BELGRADE, Serbia (AP) — NATO Secretary-General Jens Stoltenberg said he spoke on Thursday with both Serbian and Kosovo leaders about Kosovo’s plan to form a regular army, a move that has been strongly contested by Serbia and the alliance.
A statement from Kosovo’s government said Ramush Haradinaj assured Stoltenberg the transition from the Kosovo Security Force into a regular army would be done in close cooperation with NATO.
Serbian President Aleksandar Vucic said in a statement that he expressed concern about Kosovo’s plan because it represents “a danger” for the “survival” of the Serb minority in Kosovo and that it could jeopardize regional stability and peace.
Stoltenberg said in a statement that both Serbian and Kosovo officials should “show calm and restraint, and avoid any provocative statements or actions.”

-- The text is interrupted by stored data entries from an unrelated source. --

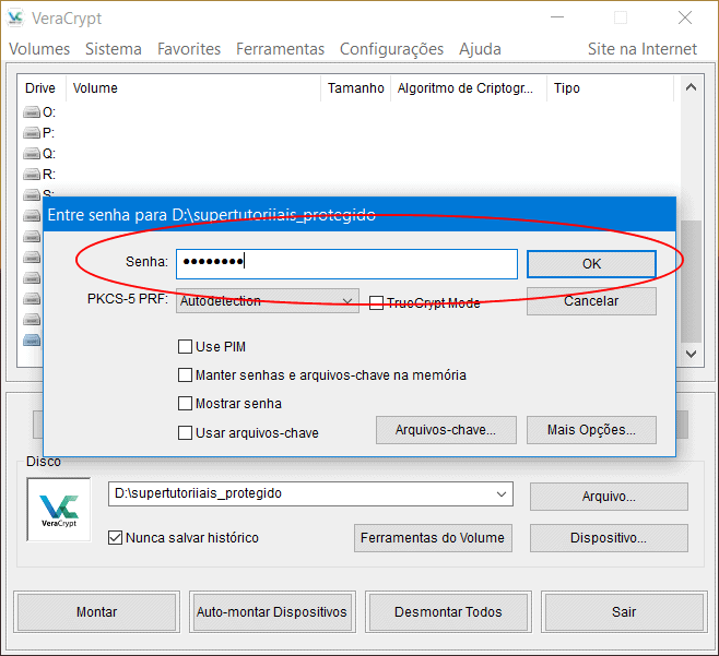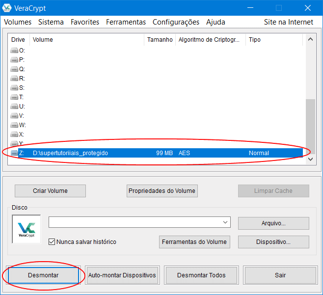 4. Quando terminar de usar a pasta, abra o VeraCrypt, selecione a mesma letra de unidade e clique em “Desmontar” para bloquear a pasta. Uma vez bloqueada, será necessário informar a senha para abrir a pasta novamente. Note que a pasta também é bloqueada se o PC for desligado ou reiniciado.
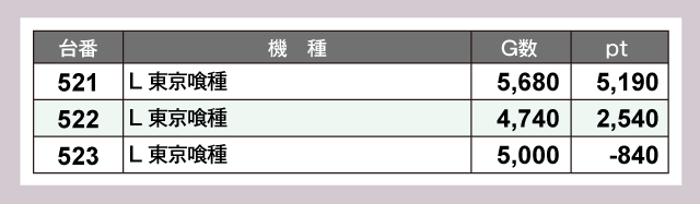 3台設置の『L 東京喰種』は2台がプラスpt。安定して実力を発揮していたようだ。
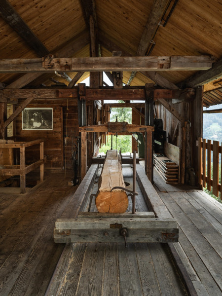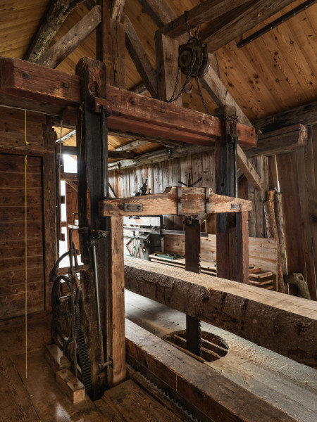 Bâtiment rural classé monument historique, la Scie et Moulins de Sarreyer c’est une trilogie unique en Valais. Une roue à aube placée à la verticale crée un système ingénieux actionné par la force de l’eau et la gravité. Une seule roue à godets actionne la scie, deux moulins à farine et un broyeur à pommes.
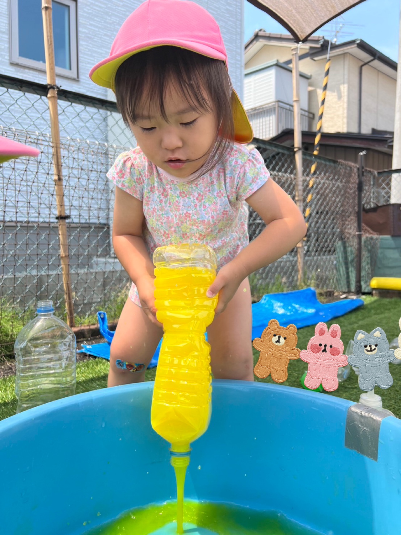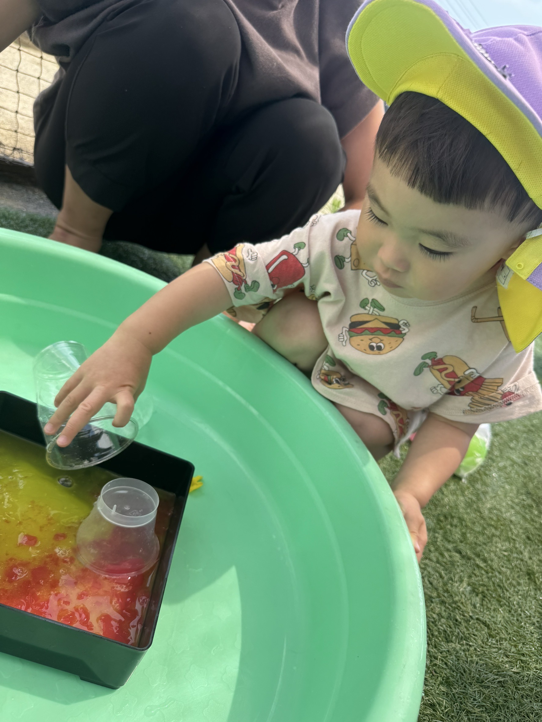 黄色の色水をタライにたくさん入れたよ☺️
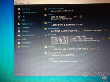 NOTEBOOK SAMSUNG NP305V5A SCHERMO 15,6 POLLICI PROCESSORE AMD A8 4GB+120GB SSD WINDOWS 10 APPENA MONTATO. CARICATORE ORIGINALE PRFETTAMENTE FUNZIONANTE ESTETICA COME FOTO ALLEGATE E ALTRE SU RICHIESTA LA BATTERIA SEMBRA ESAURITA ALTRE INFO AL TEL 3336436358
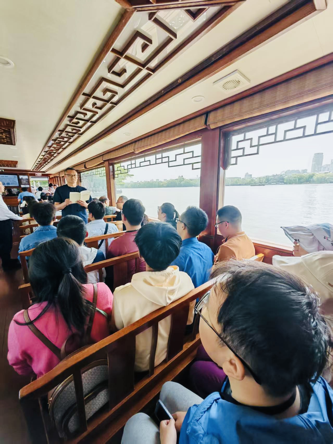 随后,师生一行前往南湖会景园,循着一大代表的足迹乘船至湖心岛,途中教师第二党支部书记巩凯现场领学《习近平关于加强党的作风建设论述摘编》部分内容,呼吁全体党员“以红船精神为镜,以八项规定为尺,做到心有所畏、言有所戒、行有所止”,全体党员开展“边走边学”交流讨论。
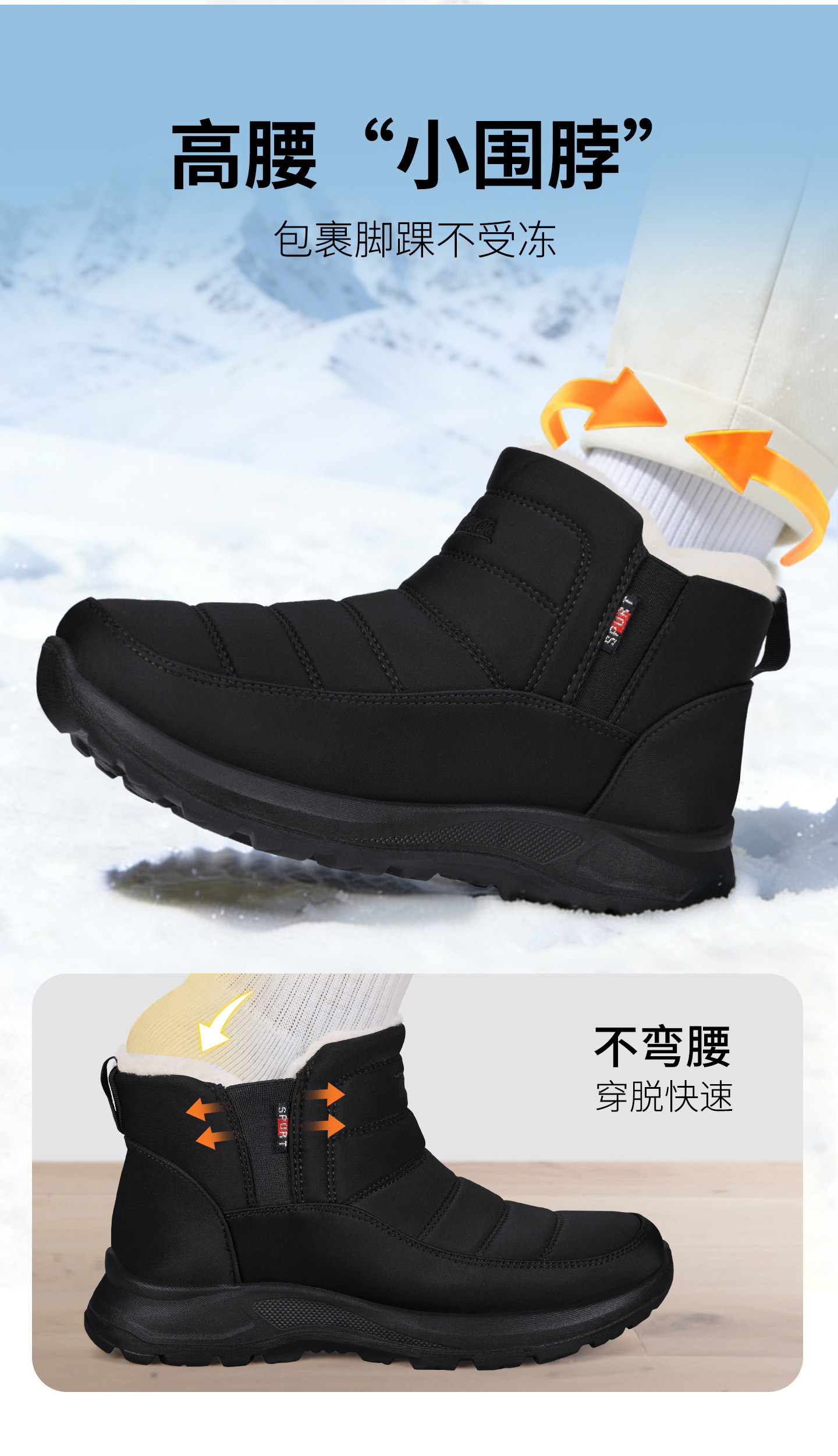 Old Beijing Cotton Shoes for Men, Winter Fleece-Lined and Thickened, Cold-Proof, Middle-Aged and Elderly Snow Boots, Northeast Waterproof Wool Dad Cotton Shoes

He said he had warned Haradinaj that NATO would “examine the level of our engagement with the Kosovo Security Force.?”
“I stressed that such a move is ill-timed, goes against the advice of many NATO allies, and can have negative repercussions on Kosovo’s prospects for Euro-Atlantic integration,” Stoltenberg said.
Stoltenberg reminded Belgrade and Pristina that dialogue remains “the only way to bring durable peace and stability to the region,” adding that NATO is committed to the security and stability of Kosovo.
Serbia has warned the formation of a Kosovo army could trigger an armed intervention.
Kosovo’s parliament will vote Dec. 14 on the creation of a regular army. Kosovo declared independence in 2008, a move that Serbia doesn’t recognize.